John Kennedy (1772 – 10 January 1841) was a Scottish minister of the Church of Scotland who served at Killearnan from 1814 until his death.

Biography 
Kennedy was born in Kishorn in 1772, and studied at King's College, Aberdeen. He was licensed to preach on 24 November 1795 and served as a schoolmaster in Lochcarron before being ordained on 5 December 1798 as minister at Lochbroom. He married Jessie Mackenzie in 1808, and they had nine children, including John Kennedy of Dingwall.

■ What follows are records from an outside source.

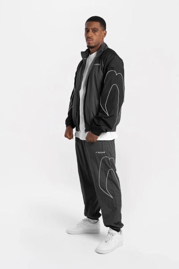 블랙 조거팬츠를 착용한 모델: 엘리엇 (아마추어 라이트헤비급 복서), 신장: 190cm, 모델 착용 사이즈: XL
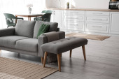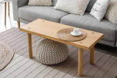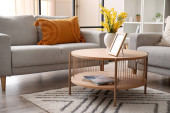 Drewniany stolik kawowy z rośliną i magazynem we wnętrzu jasnego salonu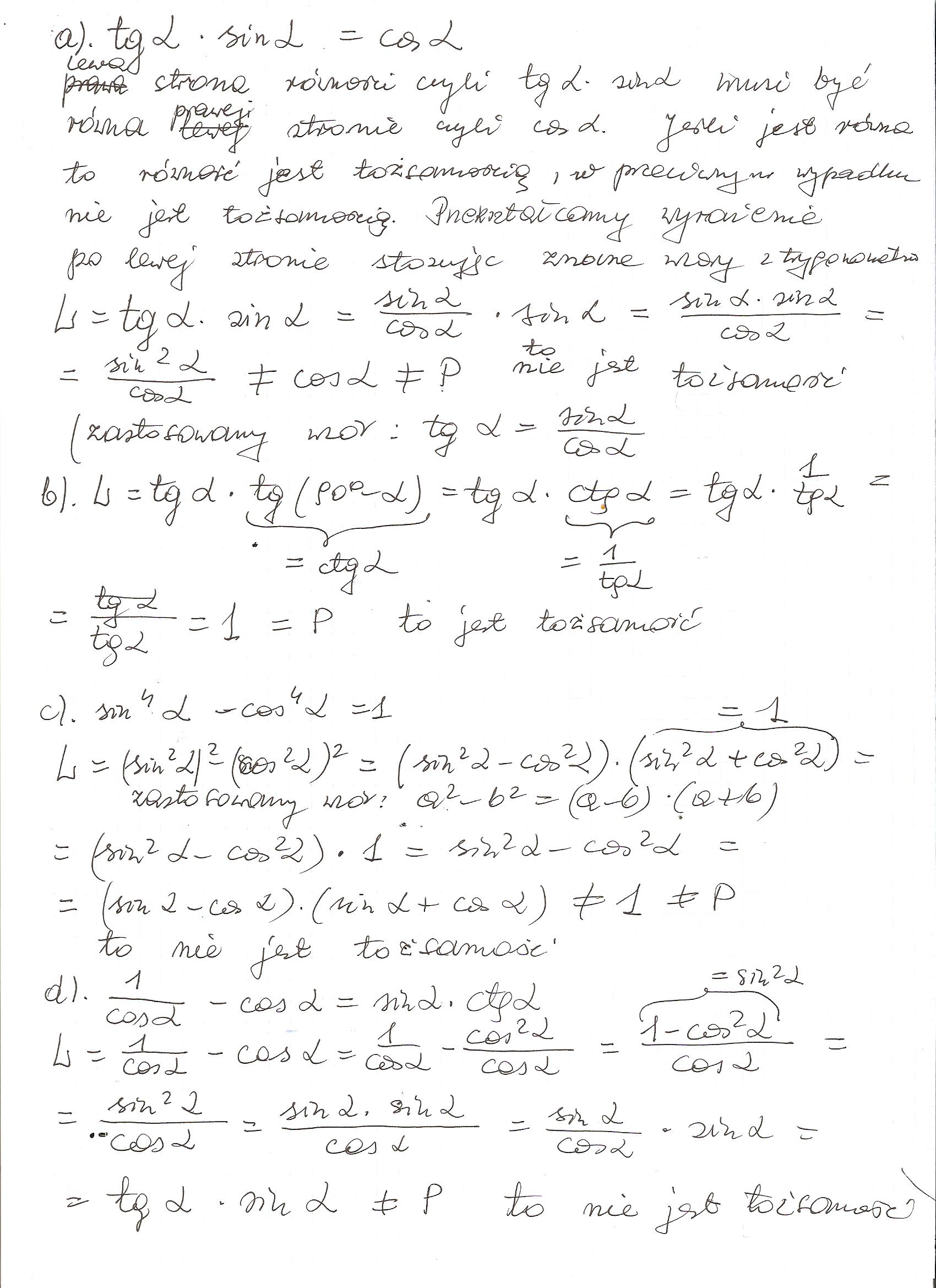 a)tg alfa*sin alfa=cos alfa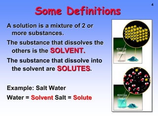1. A solution is a mixture of two or more substances, where the substance that dissolves the others is the solvent and the substances that dissolve are solutes. For example, in salt water the solvent is water and the solute is salt.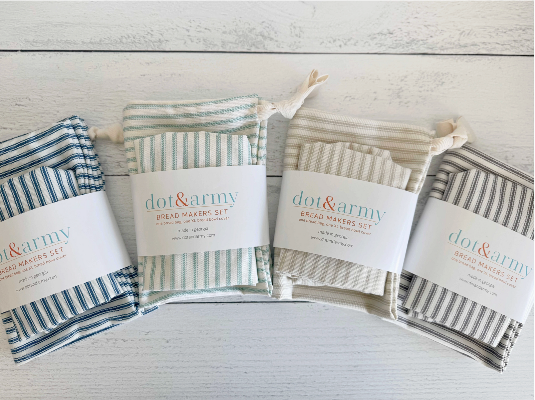 This Bread Makers Set is a simple, timeless addition to any cozy kitchen. Each set includes one reusable bowl cover and one matching bread bag, made in Georgia with durable natural fabrics. The bowl cover fits bowls up to 16 inches, perfect for rising dough, while the drawstring bread bag (12" × 16") keeps fresh loaves stored the traditional, plastic-free way.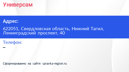 Универсам по адресу 622051, Свердловская область, Нижний Тагил, Ленинградский проспект, 40 в дальнейшем Организация, размещена в следующих категориях: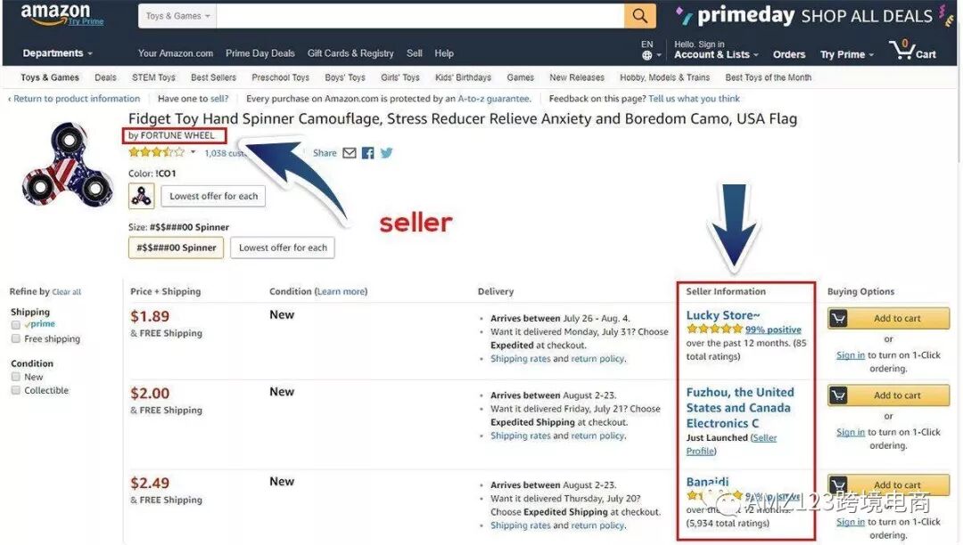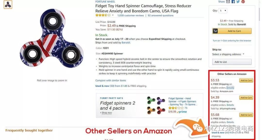 假设你销售指尖陀螺,并且你有一个以自己的品牌创造和制造的产品。有一天,你正好查看你的listing并发现还有其他卖家也在销售。你会看到如下情况: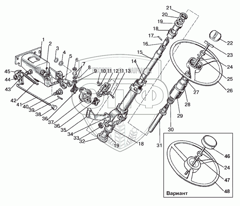 Каталог запасных частей к технике: МТЗ-1025.4. Колонка рулевая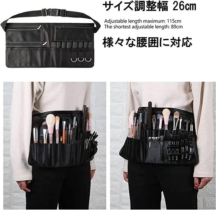 腰巻きエプロンタイプのメイクバッグで、ベルト調整は26cm幅可能となっており様々な腰囲に適応することができます。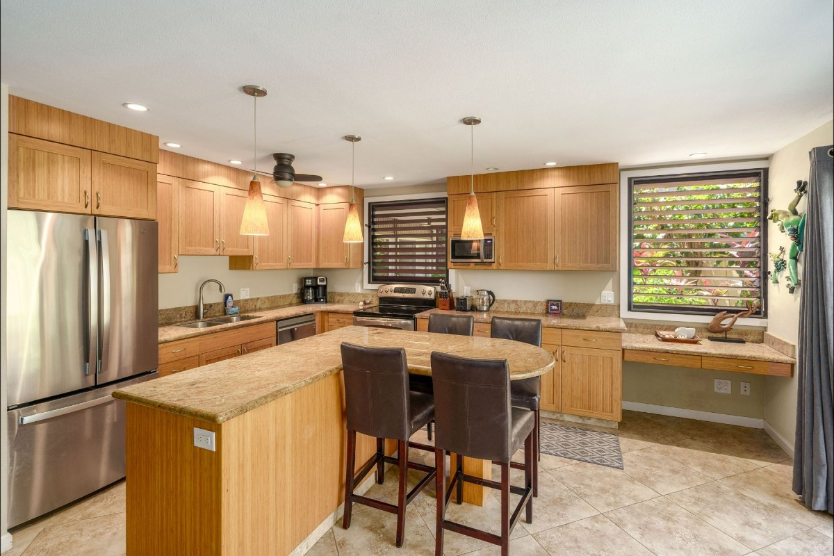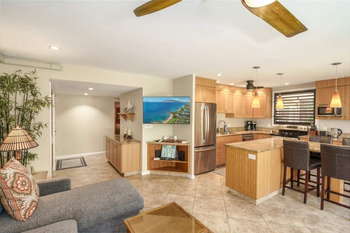 Every comfort and convenience has been anticipated by this unit’s San Diego based owner, and it’s been beautifully renovated top to bottom. Split AC to cool the unit, a luxury King bed in the master and two twin beds in the second bedroom. The kitchen is replete with every necessity, including blender, coffee maker, and cooking/serving implements to create your own island feast should the desire strike. The kitchen remodel blends the warmth of golden bamboo and stunning granite, embracing the high-end Hawaiiana theme of the unit.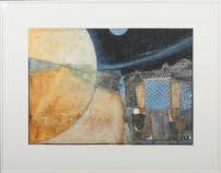 Kunstwerk in aluminium lijst: zonder titel, gemengde techniek, 48 × 68 cm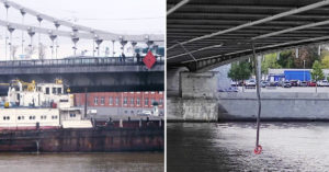 Разрушены, передает ТАСС, оказались рельсы. Сейчас их демонтируют, чтобы еще кто-нибудь не врезался, ведь один рельс повис над водой. Потом будут устанавливать новые. «Стрела находившегося на барже крана задела пути качения смотровой люльки», — объяснили в беседе с агентством представители ГБУ «Гормост». Там добавили, что «функционирование сооружения осуществляется в обычном режиме».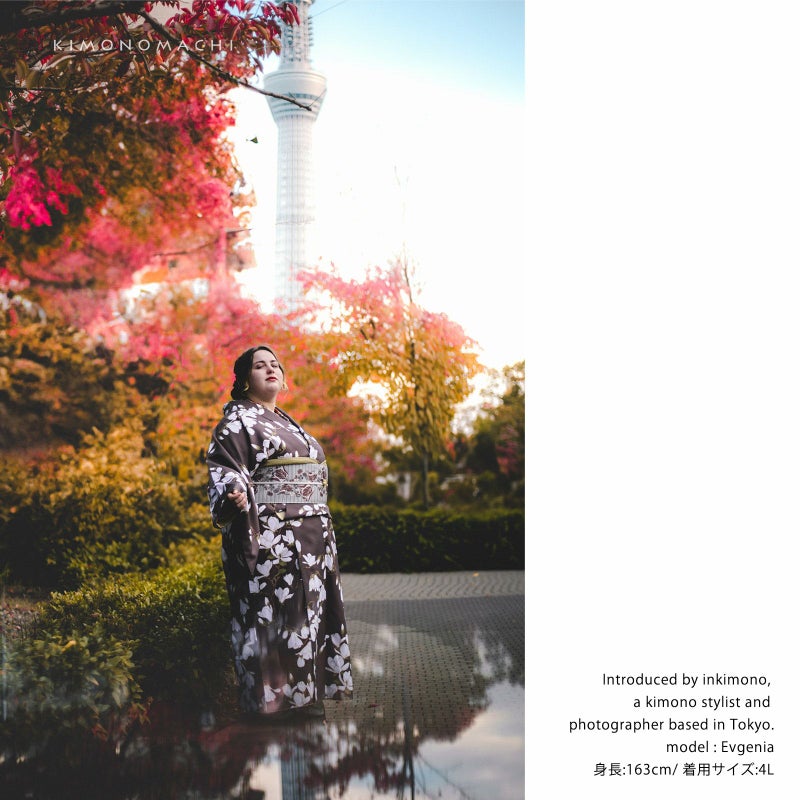 着物:ココアのような浅い茶色の地に枝を伸ばした白木蓮。淡いベージュのぼかしが入った白い花にこげ茶の枝、萼や蕊の深い黄緑がポイントです。薄香色の輪郭線が柔らかい印象を添え、咲きこぼれる木蓮の優美な魅力を演出しています。裏地はベージュ。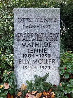 Auf dem Ohlsdorfer Friedhof in Hamburg befindet sich bei Planquadrat Y 15 nördlich vom Nordteich das Grab von Otto Tenne.[1] Die Grabinschrift ist plattdeutsch und heißt übersetzt: „Ich suche das Licht in all meinem Tun“.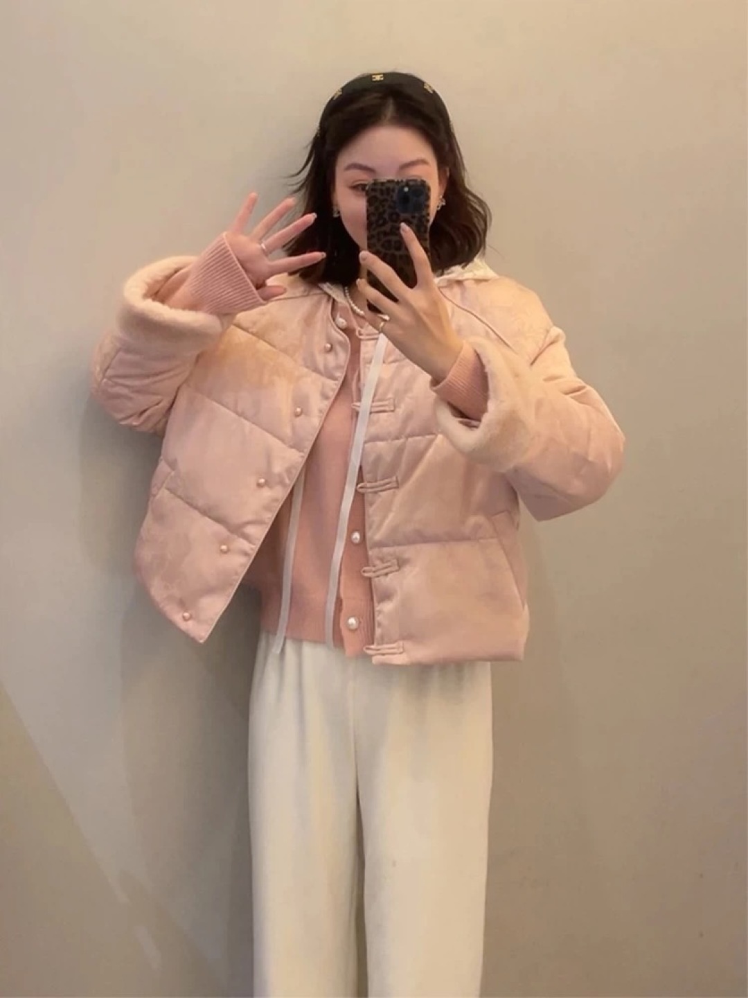 Experience cozy elegance with this quilted jacket. Features a loose fit, mink fur trim, and delicate details. Available in sizes S-XL.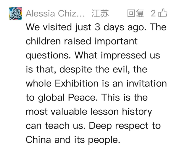 外国观众Alessia留言:“令我们深受触动的是,展览展现了那段罪恶的历史,也是向世界发出呼唤和平的邀请。这是历史给予我们最珍贵的启示。向中国及中国人民致以崇高敬意。”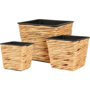Sada čtvercových květináčů - 3 ksMateriál: vodní hyacint, plastRozměry:12,8x12,8x12 cm 16x16x14 cm 20x20x17 cmBarva: přírodní hnědá

In 1921, Donald Beaton wrote, "Of all the northern ministers there is scarcely any name that stands higher in the estimation of the Church of God than that of the Rev. John Kennedy, minister of Killearnan." Hew Scott described him in 1928 as "one of the most popular ministers in the North Highlands for his saintly character, his acknowledged abilities and preaching powers." 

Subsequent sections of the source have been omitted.